TrainOutput(global_step=25, training_loss=4.471847333908081, metrics={'train_runtime': 31.8795, 'train_samples_per_second': 6.274, 'train_steps_per_second': 0.784, 'total_flos': 65251403366400.0, 'train_loss': 4.471847333908081, 'epoch': 1.0})

In [13]:
"""
Cell 8: Save Fine-Tuned Model & Tokenizer.
This cell saves the model and tokenizer to disk so you can load them later for inference or deployment.
"""
# Save the fine-tuned model and tokenizer
model.save_pretrained("./smollm2_full_ft_model")
tokenizer.save_pretrained("./smollm2_full_ft_model")

print("✅ Model and tokenizer saved to ./smollm2_full_ft_model")

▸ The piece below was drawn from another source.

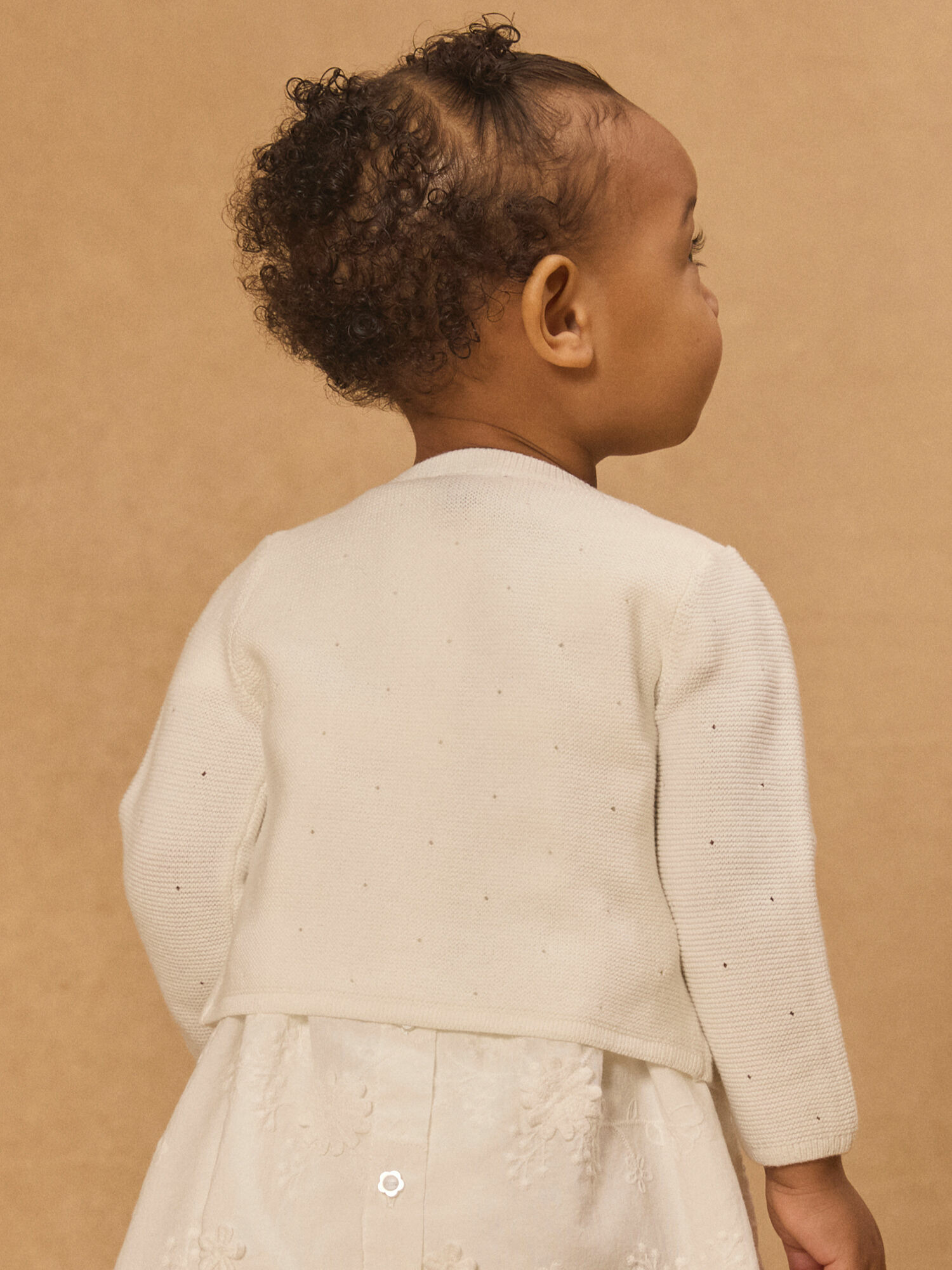 Confectionné dans un tissu doux et aéré, ce cardigan ajouré offre un confort optimal tout en restant raffiné. Son ouverture avant intégrale facilite l’enfilage et permet de moduler la tenue selon l’envie, parfait pour les journées où la légèreté est de mise. Il s’intègre parfaitement à la collection Ciel de Coton, gage de qualité et de douceur.

✅ Model and tokenizer saved to ./smollm2_full_ft_model


In [14]:
"""
Cell 9: Inference & Demo.
In this cell we load the fine-tuned model and tokenizer (if not already in memory),
and run a few sample prompts to demonstrate how the model performs on the task.
We show both the prompt and the generated output so viewers can understand what the model learned.
"""
from transformers import AutoModelForCausalLM, AutoTokenizer
import torch

# Load the fine-tuned model (if reloading)
checkpoint = "./smollm2_full_ft_model"
tokenizer = AutoTokenizer.from_pretrained(checkpoint)
model = AutoModelForCausalLM.from_pretrained(checkpoint).to("cuda")

# Example prompts – you can adjust based on chat or code task
prompts = [
    "### Instruction:\nExplain the concept of recursion in programming.\n### Input:\n\n### Response:\n",
    "### Instruction:\nWrite a Python function that computes the factorial of a number.\n### Input:\n\n### Response:\n"
]

for prompt in prompts:
    inputs = tokenizer(prompt, return_tensors="pt").to("cuda")
    # Generate output
    outputs = model.generate(
        **inputs,
        max_new_tokens=100,
        temperature=0.7,
        top_p=0.9,
        do_sample=True
    )
    text = tokenizer.decode(outputs[0], skip_special_tokens=True)
    print("Prompt:\n", prompt)
    print("Generated output:\n", text)
    print("\n" + "="*60 + "\n")


Prompt:
 ### Instruction:
Explain the concept of recursion in programming.
### Input:

### Response:

Generated output:
 ### Instruction:
Explain the concept of recursion in programming.
### Input:

### Response:

Recursion is the process of performing an operation repeatedly by using the same instruction.

For example,
Recursion is:

```python
def recursive_function():
    a = 1
    while a <= 10:
        print(a)
        a = a + 1
```

### Explanation:

Recursion is a way of solving a problem by using the same instruction repeatedly. It is a way of solving a problem that does


Prompt:
 ### Instruction:
Write a Python function that computes the factorial of a number.
### Input:

### Response:

Generated output:
 ### Instruction:
Write a Python function that computes the factorial of a number.
### Input:

### Response:

### Example:

```python
def factorial(n):
    if n == 0:
        return 1
    else:
        return n * factorial(n-1)
```

### Exercise:

Write a Python function that 

In [17]:
"""
Cell 10: Summary & Next Steps.
In this cell we recap what was achieved in this notebook: full fine-tuning of SmolLM2-135M,
key results (loss curve), and outline the next steps (LoRA fine-tuning, RL, etc.).
This helps the viewer understand where we move from here.
"""
print(" Full fine-tuning completed for SmolLM2-135M.")
print(" Training loss dropped significantly — refer to the plotted curve for details.")



 Full fine-tuning completed for SmolLM2-135M.
 Training loss dropped significantly — refer to the plotted curve for details.